Hon Minister and guests, we know the tourism sector is a big job creator. It's where chefs, waiters, cleaners, barmen, tour guide operators and many taxi cab drivers get their jobs. I think that my colleague, the hon Manny De Freitas has explained succinctly. This is why the DA is carefully watching the motives that you propose, when you propose the 'kill Airbnb' Bill, cloak named the Draft Tourism Amendment Bill.

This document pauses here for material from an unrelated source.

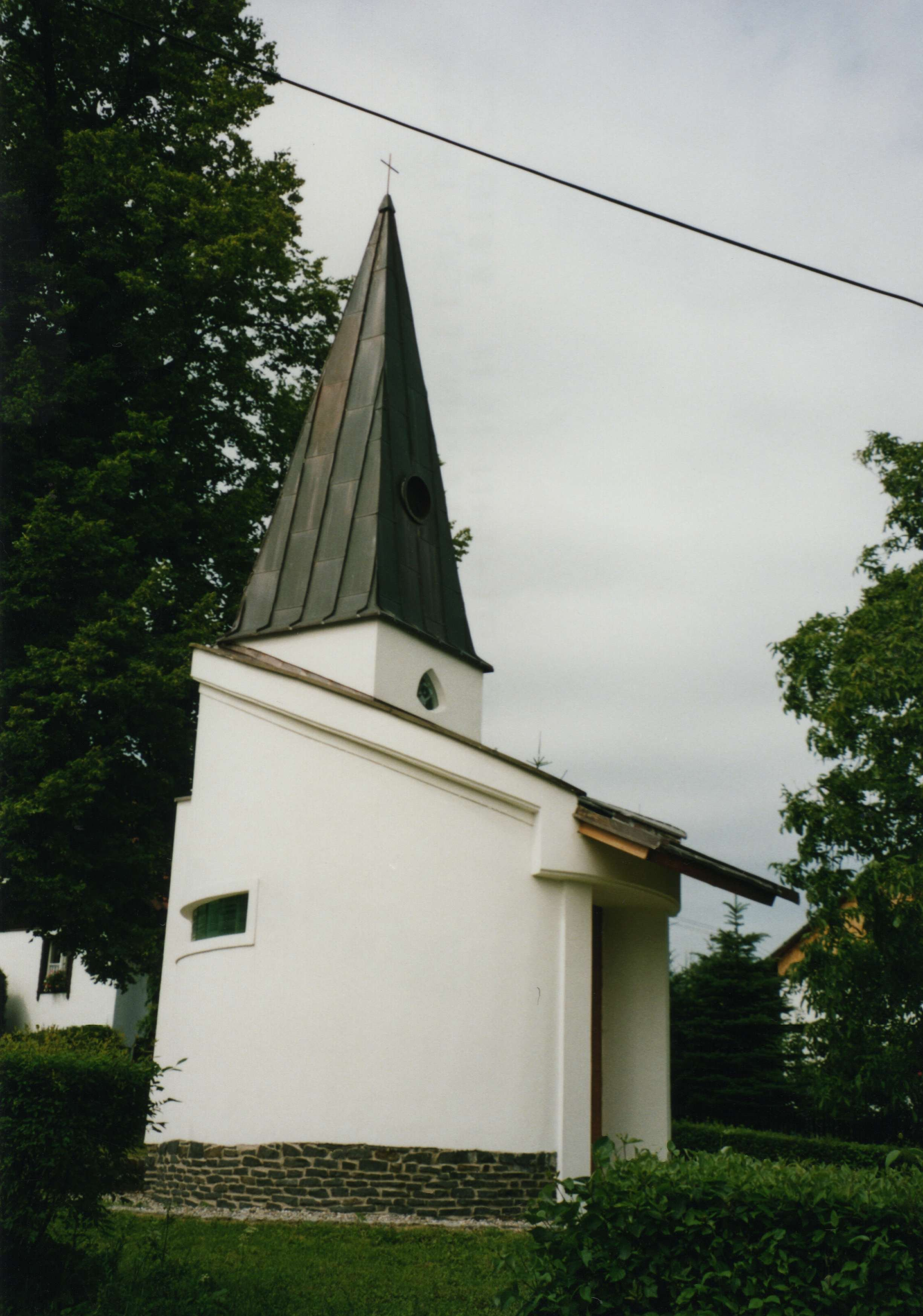 Saint Wenceslaus modern chapel of in Bílka (Bořislav) from 2000, Teplice District, Ústí nad Labem Region, Czech Republic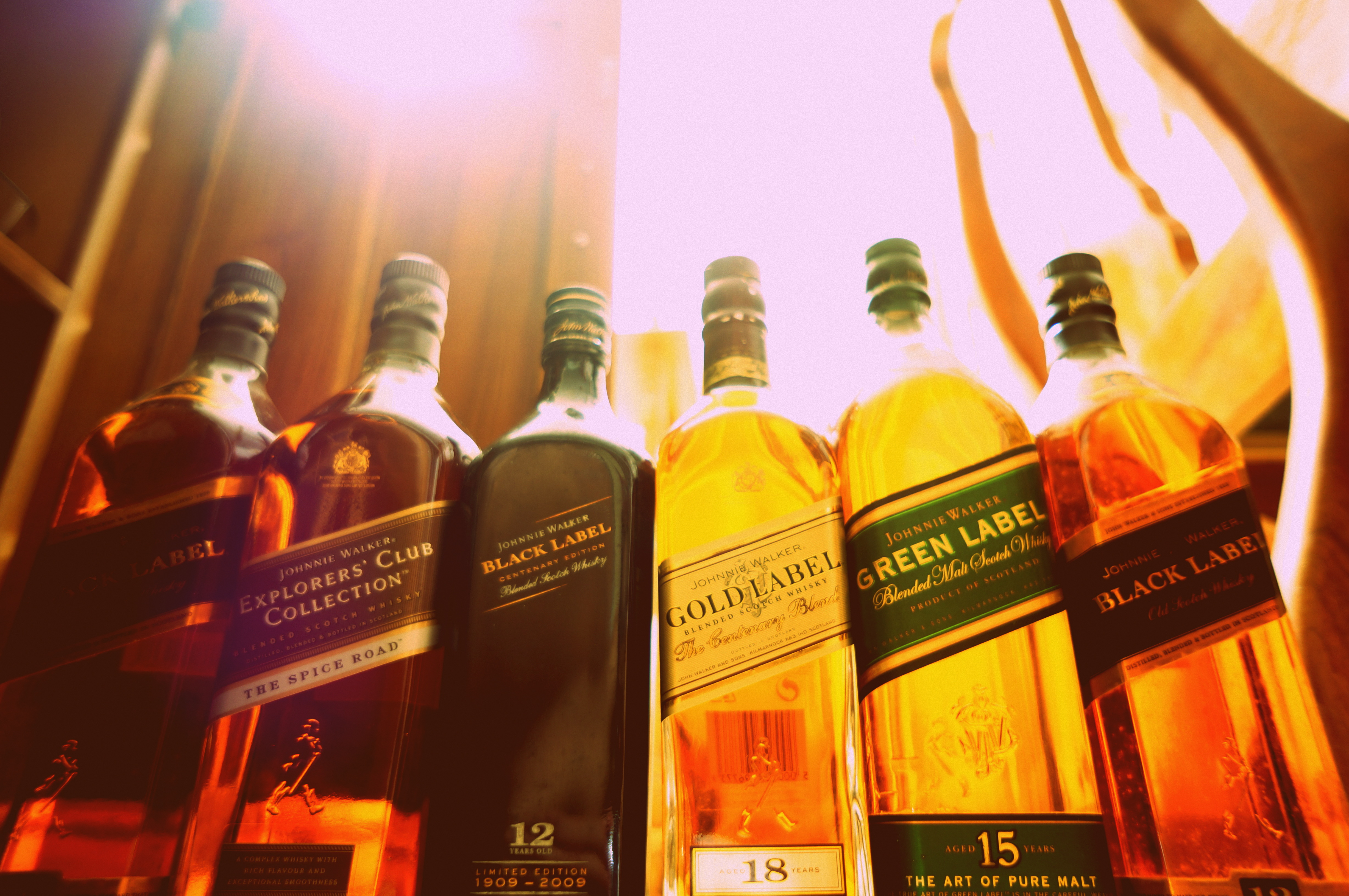 A line-up of various bottles of Johnnie Walker Scotch Whisky. Black Label, Explorers Club Collection, Double Black, Green Label, Gold Label. More freely usable pictures related to spirits, beer, distilling etc.

Why do you want to kill Airbnb when the company delivers innovation? Why do you want to kill Airbnb when they actually level the playing fields and creates jobs and new wealth to help
the small players? Who are you working for when you want to kill Airbnb? It is certainly not for the small guesthouse owner, the cook at the bed and breakfast who waited years to get a job. It is not for the cleaner at the small boutique hotel who feeds her entire family from their job.
Have you ever personally used Airbnb yourself or the hon Deputy Minister or even any other booking portal such as booking.com? Or is it only luxury five-star hotels that you use? [Interjections.] [Applause.] Minister, in your hunger to kill Airbnb, we will stand up against you and defend the hundreds of thousands of jobs you also plan to destroy in the process. [Applause.]
This brings me to my second urgent matter, which is the cost of grading places of accommodation and the structure of the grading council. It is simply wrong that it costs on average R5 200 to have a star grading for a place or behind a guest houses name. Imagine that you have a young entrepreneur in some of these dorpies - that the chairperson of the portfolio committee - who has a home and wants to start our small guest house and lodge or
Inn, always with very little money, in their pocket. This government should not be burdened them with that cost annually.
Such high costs do nothing for inclusion, empowerment and new business. It does nothing to level the playing fields and create new jobs. We need to move to a system of free grading, especially for small businesses, so that they may receive the benefits that are associated and come from grading.
Ultimately, we can create new businesses and jobs in the tourism industry but we need suitable regulation and not make the playing fields even more uneven. Where we govern, in the Western Cape, our policies do exactly that. [Interjections.] One in ten employees in the Western Cape works in the tourism industry. It contributes more than R25 billion to the provincial economy. So, hon Minister, we won't let you kill jobs in this industry. Thank you.